When a huge star collapses in a supernova, it can produce a gamma-ray burst, spires of tightly-concentrated energy shooting from the dying star. Photo: NASA

A star being ripped to shreds in a violent supernova is one of the most powerful explosions in the universe. The largest supernovae can produce gamma-ray bursts: a tightly concentrated lance of light that streams out into space. Gamma-ray bursts, says NASA, “are the most luminous and mysterious explosions in the universe.”

The blasts emit surges of gamma rays — the most powerful form of light — as well as X-rays, and they produce afterglows that can be observed at optical and radio energies.

Two weeks ago, says NASA, astronomers saw the longest and brightest gamma-ray burst ever detected. It was the biggest shot of energy we’ve ever seen, streaming from the universe’s most powerful class of explosions. NASA:

“We have waited a long time for a gamma-ray burst this shockingly, eye-wateringly bright,” said Julie McEnery, project scientist for the Fermi Gamma-ray Space Telescope at NASA’s Goddard Space Flight Center in Greenbelt, Md.

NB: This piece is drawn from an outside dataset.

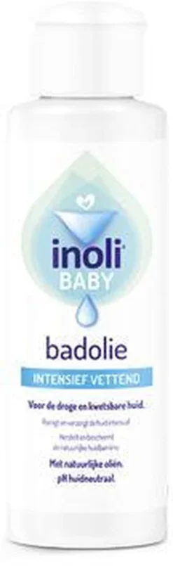 Inoli Baby Badolie Intensief Vettend is speciaal ontwikkeld voor de droge en kwetsbare huid. De huid van je baby kan zeer droog zijn, met ruwe of schilferige plekjes. Inoli intensief vettende Baby Badolie bevat extra vettende Abrikozenpitolie, die de tere en droge babyhuid reinigt en verzorgt. Het voedt de huid intensief en maakt deze weer zacht en soepel. Daarnaast versterkt het de natuurlijke huidbarrière.

“The event, labeled GRB 130427A, was the most energetic gamma-ray burst yet seen, and also had the longest duration,” says Matthew Francis for Ars Technica. “The output from GRB 130427A was visible in gamma ray light for nearly half a day, while typical GRBs fade within a matter of minutes or hours.”

The gamma-ray burst was a stunningly bright spot against the background gamma ray radiation. Photo: NASA

There are a few different of classes of gamma-ray bursts in the world. Astrophysicists think that some—short gamma-ray bursts—form when two neutron stars merge and emit a pulse of energy. Huge ones like the one just detected are known as long gamma-ray bursts, and they form when huge stars collapse, often leading to the formation of a black hole.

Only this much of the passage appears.